Quant à l’intelligence artificielle, elle l’obsède également, tant elle le fascine et l’effraie à la fois. Il a fondé en 2015 l’OpenAI, association de recherche chargé de réfléchir à la création d’une technologie à visage humain « au bénéfice du plus grand nombre ».
« Quand j’étais à l’université, je voulais être impliqué dans des choses qui changeraient le monde. Maintenant je le suis », s’est un jour réjoui le patron de SpaceX, qui a promis qu’il donnerait la moitié de sa fortune à des œuvres de charité, avec notamment « de gros versements dans vingt ans quand Tesla serait stabilisée ».
Doutes
Mais ces succès n’empêchent pas les phases de doute. Ainsi, le 7 août 2018, dans un tweet ayant surpris tout le monde, y compris dans les hautes sphères américaines, Elon Musk avait annoncé son projet de retirer Tesla, le constructeur de voitures électriques dont il est le PDG, de la bourse aux États-Unis, créant une panique boursière.
Am considering taking Tesla private at $420. Funding secured.
— Elon Musk (@elonmusk) August 7, 2018
Deux semaines plus tard, sous la pression de ses actionnaires, il se rétractera, entraînant une enquête pour « fraude » du gendarme américain de la bourse, la Securities and Exchange Commission (SEC), qui se soldera en octobre 2018 par un accord de résolution à l’amiable, Tesla et son fondateur acceptant de s’acquitter chacun d’une amende de 20 millions de dollars.
Consécration boursière
En décembre, Tesla rencontre sa consécration boursière en intégrant le prestigieux indice S&P 500, regroupant les 500 plus grandes sociétés cotées aux États-Unis.

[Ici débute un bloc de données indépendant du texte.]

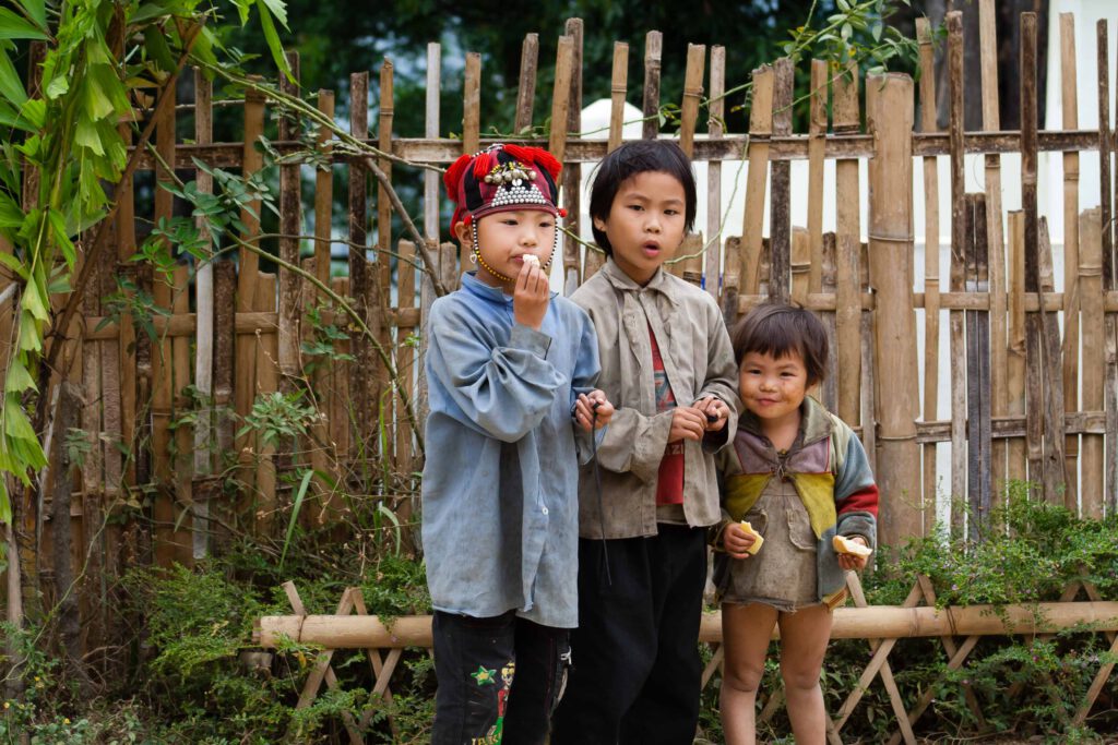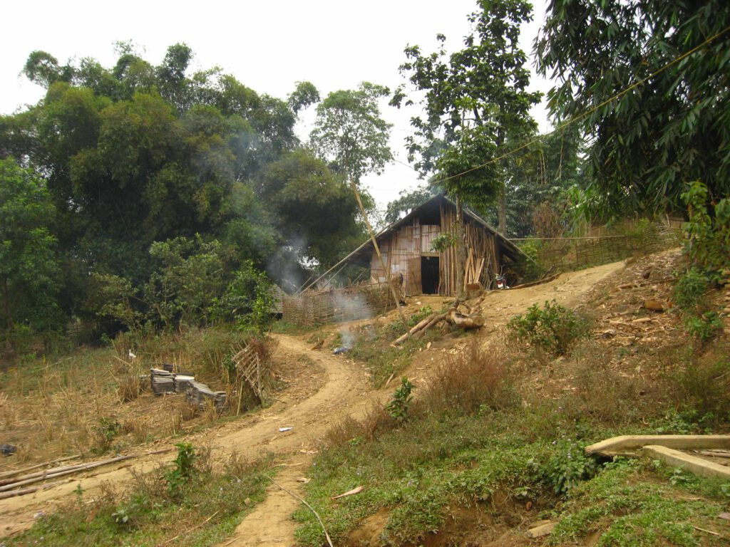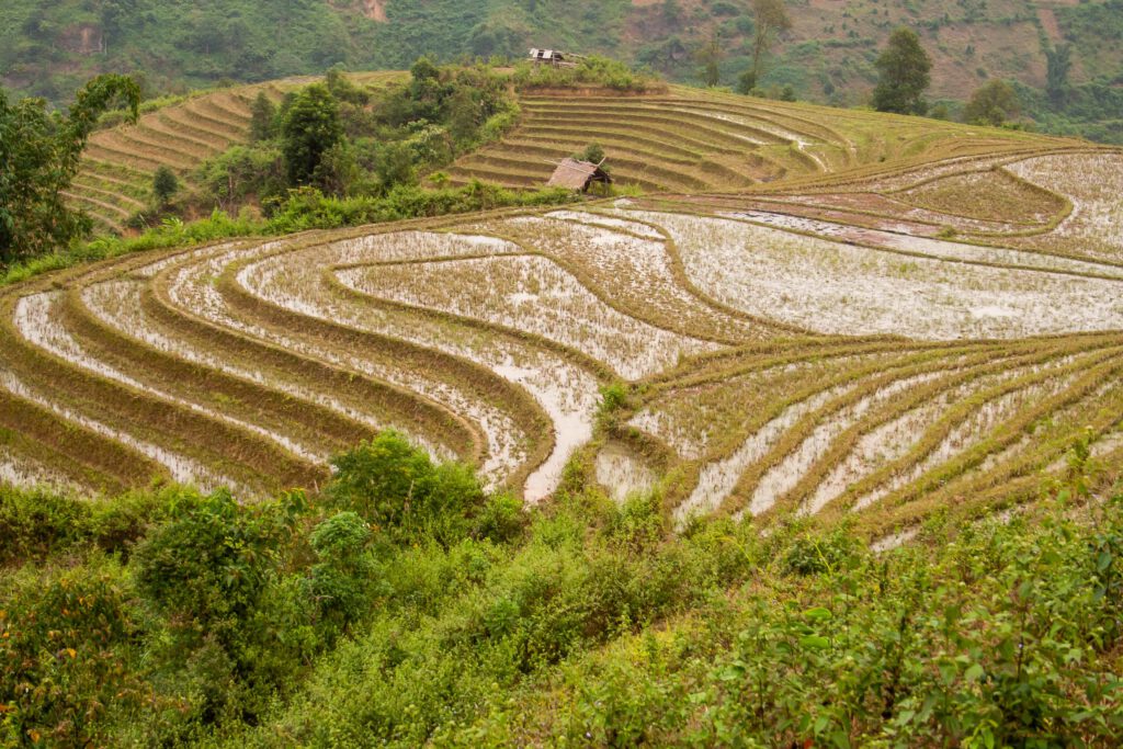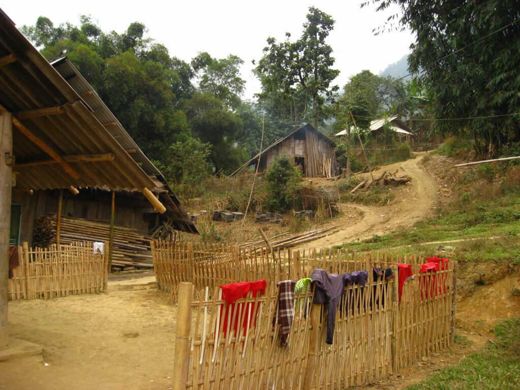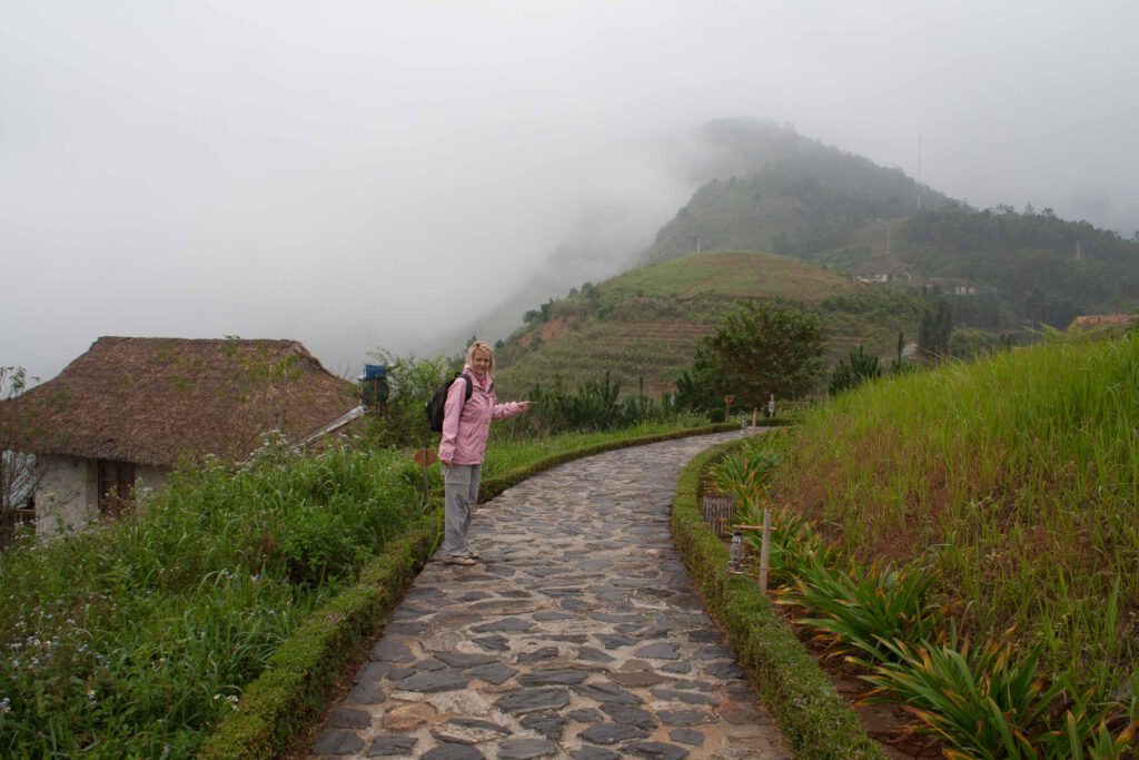 Der nächste Morgen beginnt mit Nebel. Nach dem schönen Vortag haben wir auf spektakuläre Bilder aus unserer Lodge mit einer Wolkendecke im Tal und klarer Sicht in den Bergen gehofft. Die Wolken sind auch da, nur leider überall. Die Trekkingtour mit unserem Guide beginnt daher auch bei Nieselregen und gefühlten 10°C, obwohl es wärmer ist. Die Wanderung führt uns entlang an Reisterrassen und durch zwei Dörfer ethnischer Minderheiten.
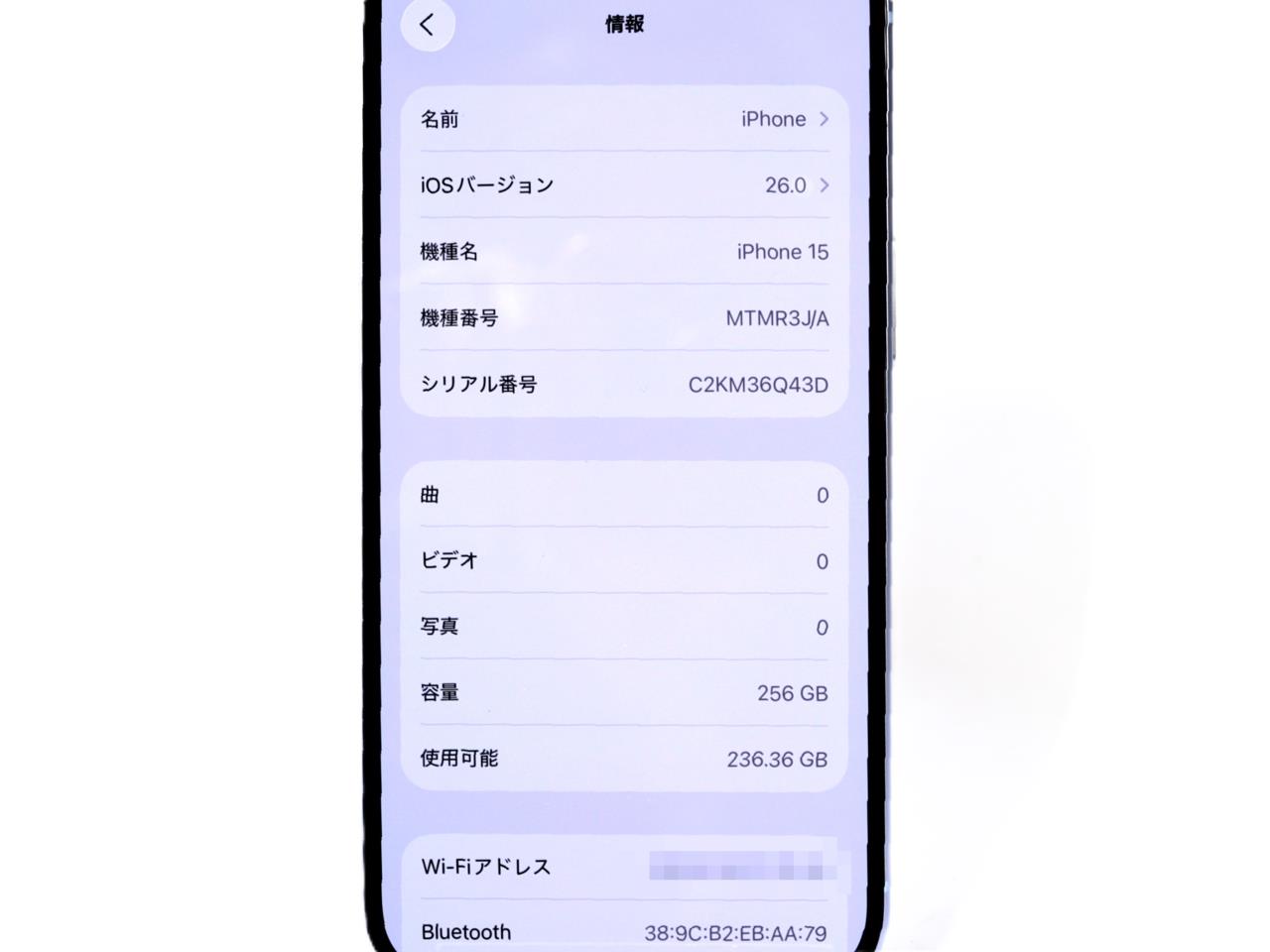 APPLE [USED]u058939 iPhone15 256GB SIMフリー [ブルー] の 商品仕様:
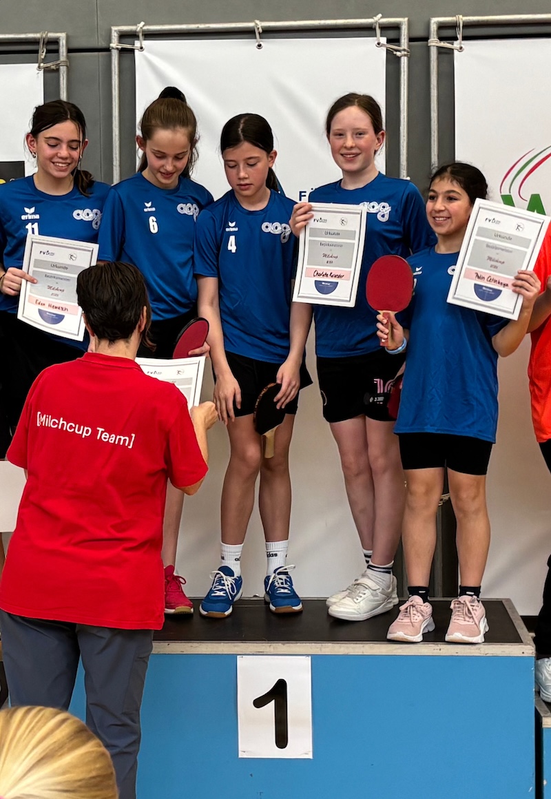 Bei den Jungen waren die Gegner für Alex, Frederik, Malte, Tim und Leonard aus der 6a zu stark, aber Charlotte, Eden, Emilia, Mira und Pelin gewannen Runde für Runde , so dass sie schlussendlich in das Finale einzogen. Das AEG ist stolz auf unsere Spielerinnen: Sie haben im Wettkampf der Klassen 5 und 6 den 1. Platz erspielt.

En rejoignant le S&P 500, l’action Tesla a systématiquement été inclue dans des fonds indiciels cotés (exchange-traded funds ou ETF), qui suivent de manière passive les fluctuations de l’indice, ce qui a encore boosté le titre, qui pèse aujourd’hui davantage que General Motors, Ford, Fiat-Chrysler, Toyota, Honda et Volkswagen cumulés.
Pourtant, les ventes du groupe restent bien loin des constructeurs traditionnels : Tesla n’a écoulé que 499 550 voitures sur l’année 2020, bien loin par exemple de Volkswagen et ses 11 millions de véhicules vendus en 2019.
Il est toutefois un des seuls fabricants à avoir tiré son épingle du jeu en 2020 alors que le marché automobile a subi un coup d’arrêt au printemps avec la fermeture temporaire des usines et de nombreux concessionnaires aux États-Unis face à la propagation du Covid-19. Tesla est parvenu à faire grimper ses livraisons de 36% dans le monde l’an dernier quand GM voyait ses ventes reculer de 11,8 % aux États-Unis.
Le groupe de M. Musk bénéficie de l’engouement des investisseurs pour les véhicules électriques et du fait qu’il est parvenu à gagner de l’argent pendant cinq trimestres consécutifs. La compagnie continue à fonctionner presque comme une start-up, d’après les analystes qui soulignent qu’elle n’a pas à gérer de syndicats ni de multiples sites de production. Grâce à sa nouvelle usine à Shanghaï, Tesla est bien implanté en Chine, un pays qui pourrait, selon le cabinet Deloitte, représenter 49 % du marché des véhicules électriques en 2030.